Menurut Asido, surat biasa ini memicu berbagai organisasi advokat (OA) berbondong-bondong menyelenggarakan Pendidikan Khusu PKPA yang notabene hanya kewenangan Peradi selaku wadah tunggal (single bar) yang diberikan negara melalui UU Advokat.
“Peradi yang saat ini di bawah kepemimpinan Prof Otto Hasibuan itulah satu-satunya organisasi advokat, wadah tunggal yang dimaksud UU Advokat,” katanya.
Advokat adalah seorang profesional hukum yang memberikan jasa hukum kepada klien, baik di dalam maupun di luar pengadilan.
Ini mencakup konsultasi, pendampingan, pembelaan, dan perwakilan hukum dalam berbagai proses hukum.
“DPC Peradi Jakarta Barat sangat giat melaksanakan PKPA, semata-mata itu adalah tanggung jawab moral kami,” tambahnya.
Menurut Asido, penyelenggaraan PKPA ini harus sesuai UU Advokat demi melahirkan calon-calon advokat profesional, berkualitas, berintegritas, dan menaati Kode Etik Advokat Indonesia demi masyarakat pencari keadilan.
Asido menyampaikan, profesi advokat merupakan profesi yang mulia (officium nobile) sehingga advokat harus benar-benar berkualitas, profesional, berintegritas, dan menaati kode etiknya agar tidak merugikan masyarakat yang sedang mencari keadilan.
“Bagaimana mungkin bisa lahir advokat berkualitas, profesional, dan berintegritas, kalau dimulai dari pendidikan yang melawan hukum,” ucapnya.
Dia menjelaskan, hanya Peradi yang bewenang menyelenggarakan PKPA sebagaimana perintah UU Advokat.

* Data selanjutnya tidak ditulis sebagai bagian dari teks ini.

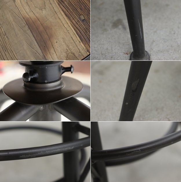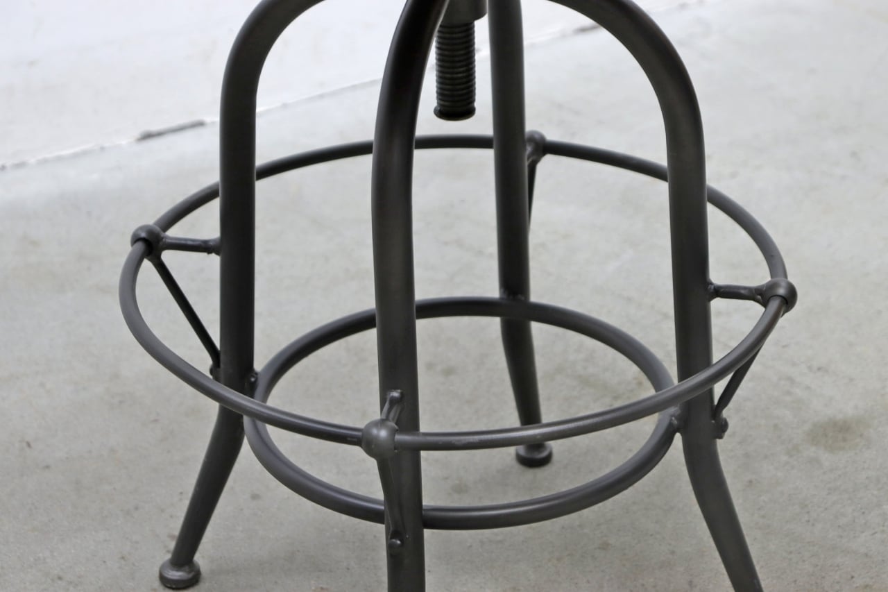 アイアンフレームにニレ無垢材の天板を組み合わせた無骨なデザイン。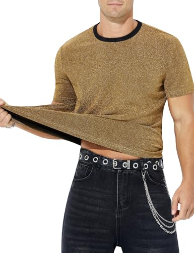 Mauro Kane Herr paljetter och glitter kortärmad glitter t-shirt för dans nattklubb och fest, A3-guld, S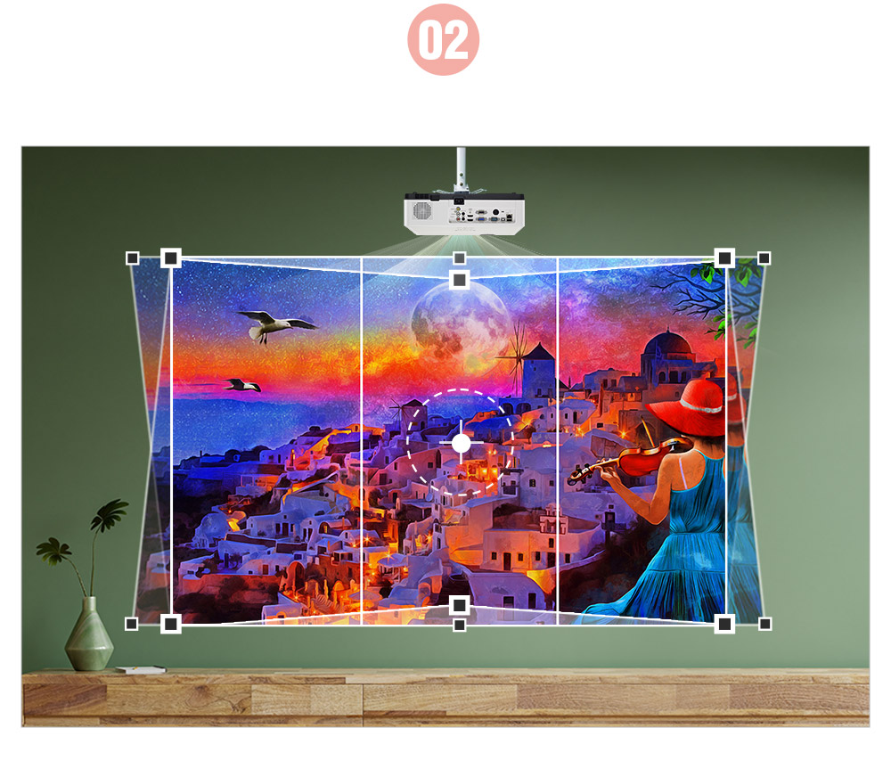 투사된 이미지가 왜곡되었을 경우 좌측상단, 우측상단, 중앙상단, 중앙하단, 좌측하단, 우측하단 6개의 포인트를 사용자가 직접 조정하여 영상의 왜곡 없이 정확하고 최적화된 화면을 구현할 수 있습니다.

Negara melalui UU Advokat memberikan 8 kewenangan kepada Peradi, di antaranya menyelenggarakan PKPA.
Kemudian, menyelenggarakan ujian profesi advokat (UPA), mengangkat advokat, kode etik, membentuk Dewan Kehormatan, Komisi Pengawas, melakukan pengawasan, dan memberhentikan advokat.

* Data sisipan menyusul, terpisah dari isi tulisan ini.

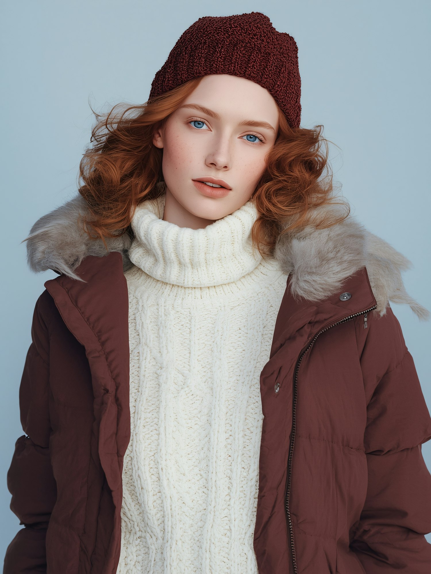 Stylish woman in a maroon beanie and puffer jacket with a white turtleneck sweater, set against a light blue background.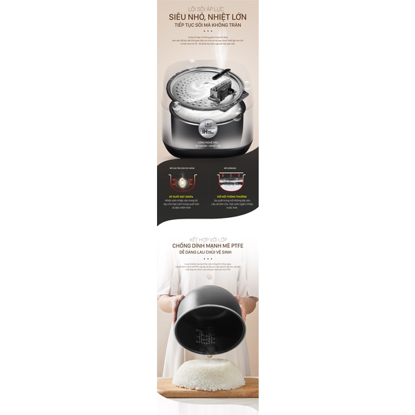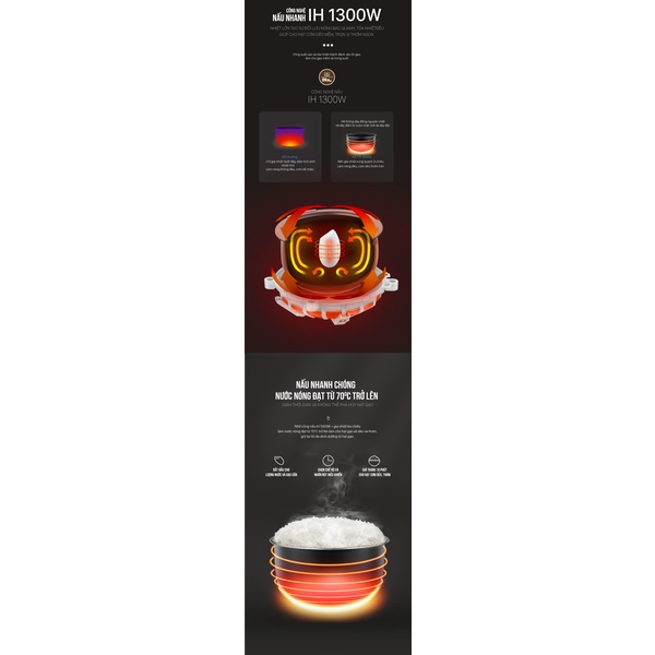 Công suất 1300W, dung tích 1.5L, Công nghệ nấu cao tần 3D IH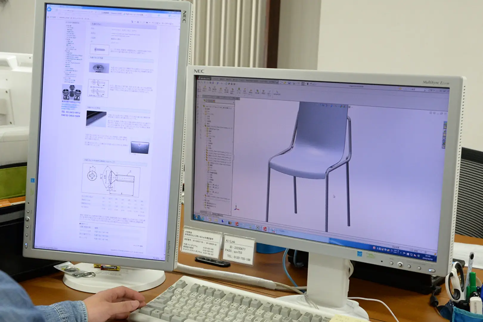設計には、3DCADソフト『SolidWorks』を使用しており、製造現場とのやり取りの効率化を図っています。また、同ソフトを使用した3次元モデリングによる商品提案も行っています。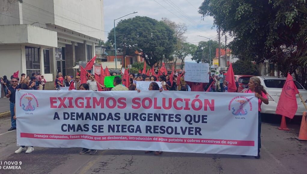 Los manifestantes, primero acudieron a la Comisión Municipal de Agua y Saneamiento (CMAS) y, al no ser atendidos se fueron hacia el Palacio Municipal ubicado en la zona centro de Xalapa.

“Makanya Peradi dibilang sebagai organ negara. Jadi negara sudah memberikan kewenangan itu hanya kepada Peradi,” ucapnya.

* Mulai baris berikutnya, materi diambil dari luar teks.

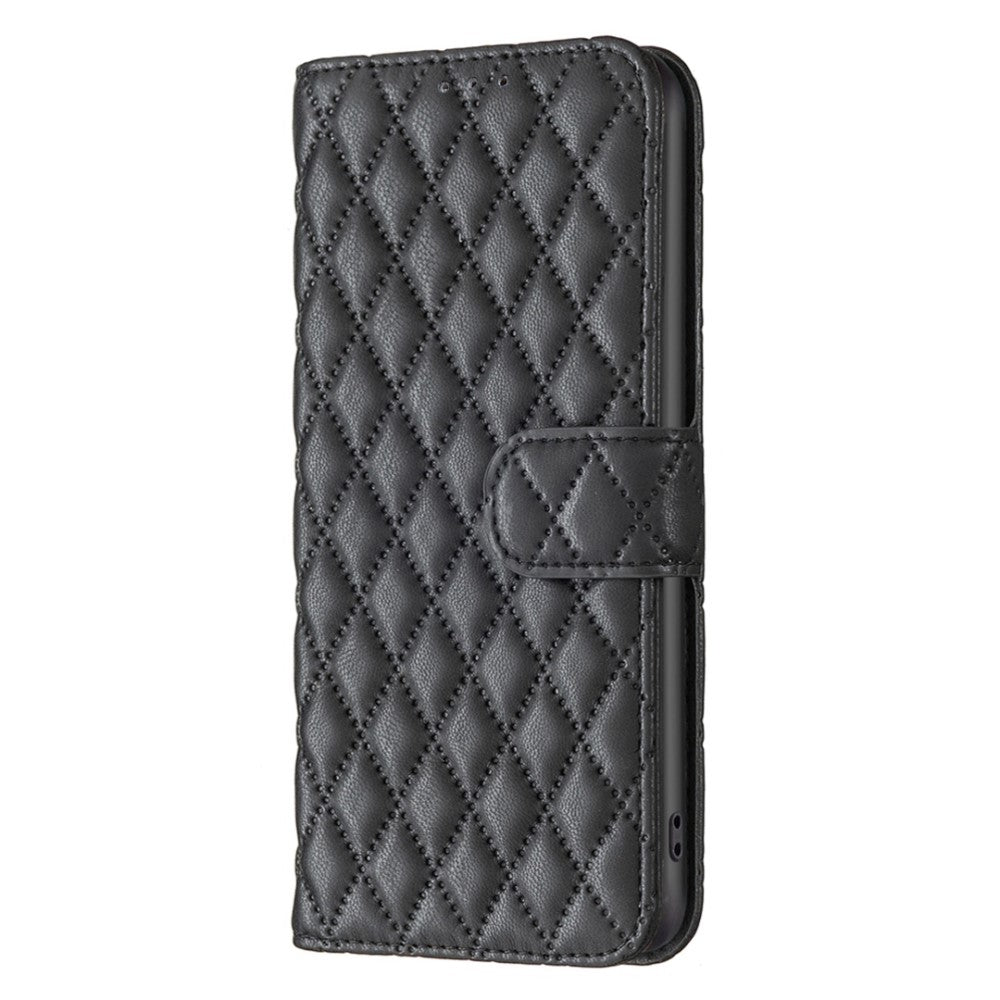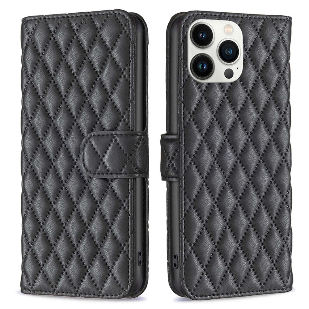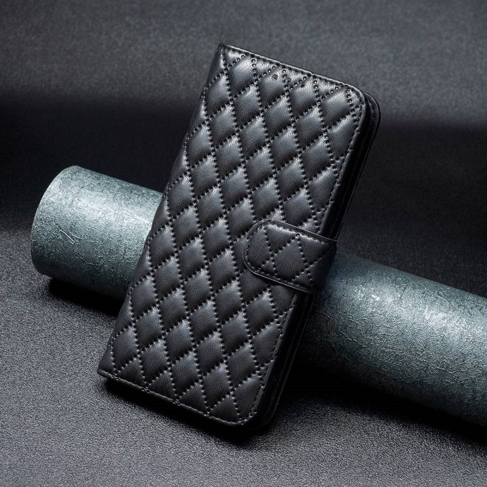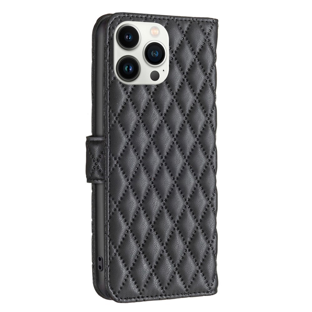 Matowe etui z klapką z wzorem rombu do iPhone'a 13 Pro Max - Czarne

Untuk melahirkan calon advokat dengan kriteria di atas, DPC Peradi Jakbar menghadirkan para narasumber berkualitas dan mumpuni di bidangnya hingga menerapkan zero Korupsi, Kolusi, dan Nepotisme (KKN) dalam UPA.
“Di Peradi ini zero KKN, tidak ada itu yang bisa nitip-nitip untuk lulus,” tuturnya.
Dia menyampaikan, dalam 4 tahun era kepengurusan pihaknya, DPC Peradi Jakbar telah mempunyai sekitar 7 ribu orang alumni PKPA yang tersebar hampir di seluruh Indonesia.
Senada dengan Asido, Wakil Ketua Umum (Waketum) Peradi, Sutrisno, mewakili Ketum Prof Otto Hasibuan, mengatakan, negara telah memberikan kewengannya mengenai advokat hanya kepada Peradi melalui UU Advokat.
Putusan Mahkamah Konstitusi (MK) Nomor 66/PPU-VIII/2010 mempertegas bahwa OA di luar Peradi tidak sama dengan Peradi.
"Mereka tidak berwenang menyelenggarakan fungsi negara, salah satunya menyelenggarakan PKPA," kata dia.
Ketua Panitia PKPA Angkatan XIV DPC Peradi Jakbar, Genesius Anugrah, menyampaikan, PKPA ini diikuti 181 orang peserta secara hybrid alias luring (offline) dan daring (online).
“Ada 104 peserta offline dan sisanya adalah peserta online,” ujarnya.
Mewakili Ketua Jurusan Business Law Binus Univesity Dr Ahmad Sofian, ia menyampaikan, jumlah peserta ini menunjukkan bahwa calon-calon advokat bisa menilai mana PKPA yang berkualitas dan sesuai UU.
“Kami bersama Peradi dan DPC-nya menyelenggarakan PKPA secara baik dan benar,” katanya.